Ai 630 deputati e 320 senatori della XVIII legislatura si aggiungono per comporre il plenum dell’assemblea 58 delegati locali: in ogni Regione saranno scelti due esponenti per la maggioranza e uno per la minoranza, tranne in Valle d’Aosta dove ne sarà scelto soltanto uno. I delegati regionali non sono ancora stati eletti ma, stando a chi ha vinto le elezioni regionali, dovrebbero essere 33 al centrodestra e 24 al centrosinistra. L’elezione del prossimo presidente della Repubblica non si annuncia per niente semplice visto che nessuno dei due schieramenti ha la maggioranza assoluta per eleggere al quarto scrutinio il proprio candidato. E anche perchè questo Parlamento è nato sull’onda della grande vittoria M5S che però negli anni si è sbriciolato: basti pensare che i parlamentari 5s a inizio legislatura erano 338 e ora sono rimasti, tra cambi di casacche e nuovi gruppi, 233. Un gran numero di eletti quindi non risponde ad alcuna indicazione di partito ed è difficile darli per certi in un calcolo di maggioranze. Ecco i rapporti di forza, sulla carta, delle varie forze politiche:

CENTRODESTRA: può contare su 451 grandi elettori che fanno riferimento ai partiti dentro la coalizione: 197 sono della Lega, 127 di Fi, 58 di Fdi, 31 di Coraggio Italia-Cambiamo-Idea, 5 di Noi con l’Italia, ai quali si aggiungono i 33 delegati regionali.

CENTROSINISTRA CON M5S: Può contare su 420 voti se si esclude Iv, su 463 se si conteggia anche il partito di Renzi. Il Pd conta 133 grandi elettori (Gualtieri neo sindaco di Roma dovrà optare e quindi forse il suo seggio sarà vacante al momento dell’elezione del Colle), M5s ne ha 233, Leu 18, Azione-+Europa 5, Centro democratico di Bruno Tabacci ha 6 deputati.

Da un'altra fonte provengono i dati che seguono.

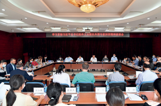 China International Communications Group convenes a seminar on September 9, 2022 for representatives and foreign experts from its related departments and subsidiaries to share their reflections about President Xi Jinping’s letter replying to foreign experts with the Foreign Languages Press.

Questo blocco, ai quali si aggiungono i 24 delegati regionali, più Gianclaudio Bressa, iscritto al gruppo per le Autonomie ma eletto con il Pd, fa quota 420 che diventerebbe 463 se Italia Viva di Matteo Renzi con 43 elettori sostenesse il candidato di centrosinistra.

SENATORI A VITA: Per questa elezione del presidente della Repubblica sono 6: Giorgio Napolitano, Mario Monti, Liliana Segre, Elena Cattaneo, Renzo Piano, Carlo Rubbia.

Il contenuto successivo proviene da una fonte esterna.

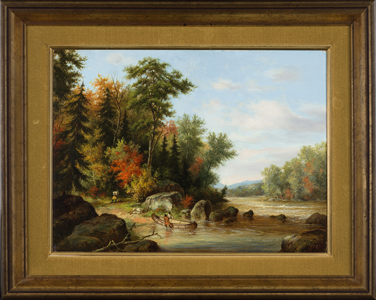 La vie des Autochtones du Québec intéressait Cornelius Krieghoff au plus haut point. Cet immigrant a séjourné au Canada et aux États-Unis, mais la plupart de ses œuvres se concentrent sur la vie des « habitants » et des peuples autochtones du Québec. Indian Portage, qui a appartenu au premier ministre du Québec Joseph-Adélard Godbout (1892-1956), est un excellent exemple du sens aigu de l’observation de Krieghoff.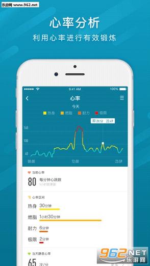 结合乐心智能手环/手表,实时记录动静态心率,并给出专业的心率层级分析;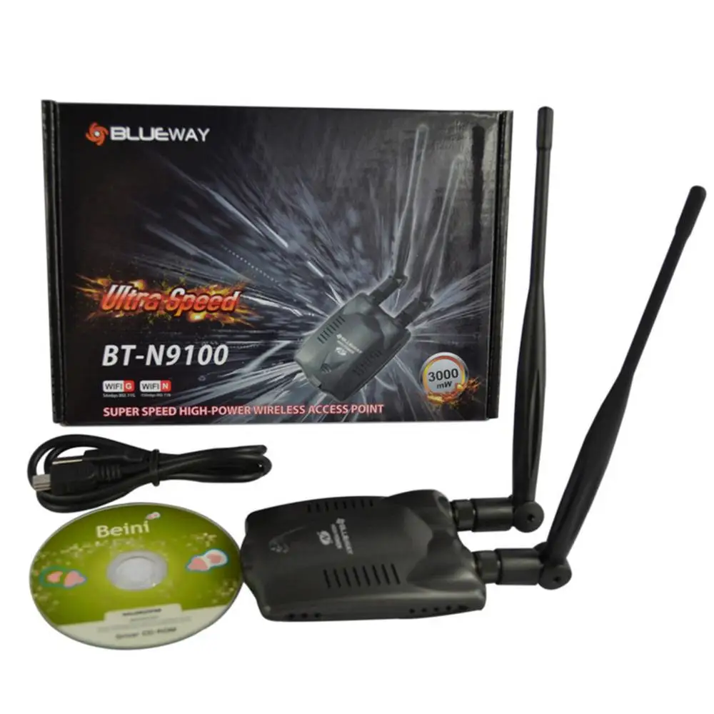 Беспроводная Beini Бесплатная Интернет дальность 3000 МВт двойная Wifi антенна Blueway USB Wifi адаптер BT-N9100

AUTONOMIE: Il gruppo delle autonomie-minoranze linguistiche conta 4 deputati e 5 senatori, al cui gruppo a Palazzo Madama sono iscritti anche Gianclaudio Bressa (Pd), Pier Ferdinando Casini (Centristi per l’Europa) e i senatori a vita Cattaneo e Napolitano. GRUPPO MISTO: In questa legislatura il gruppo Misto di Camera e Senato è lievitato e mutato a secondo della nascita di nuove componenti: il gruppo più nutrito è la pattuglia ex M5s di Alternativa C’è che per le votazioni del Quirinale ha 19 grandi elettori, Azione-+Europa-Radicali (5), Centro Democratico (6 deputati), Maie (3 deputati, 3 senatori), FacciamoEco (3 deputati), Nci (5 deputati). Nel Misto al Senato c’è poi LeU (6) e tanti fuoriusciti M5s (24 alla Camera che risultano non iscritti a nessuna componente insieme all’ex Leu Michela Rostan mentre a Palazzo Madama sono nel misto 15 ex M5s, i 3 ex 5s ora Italexit e 1 ex 5s ora Potere al Popolo).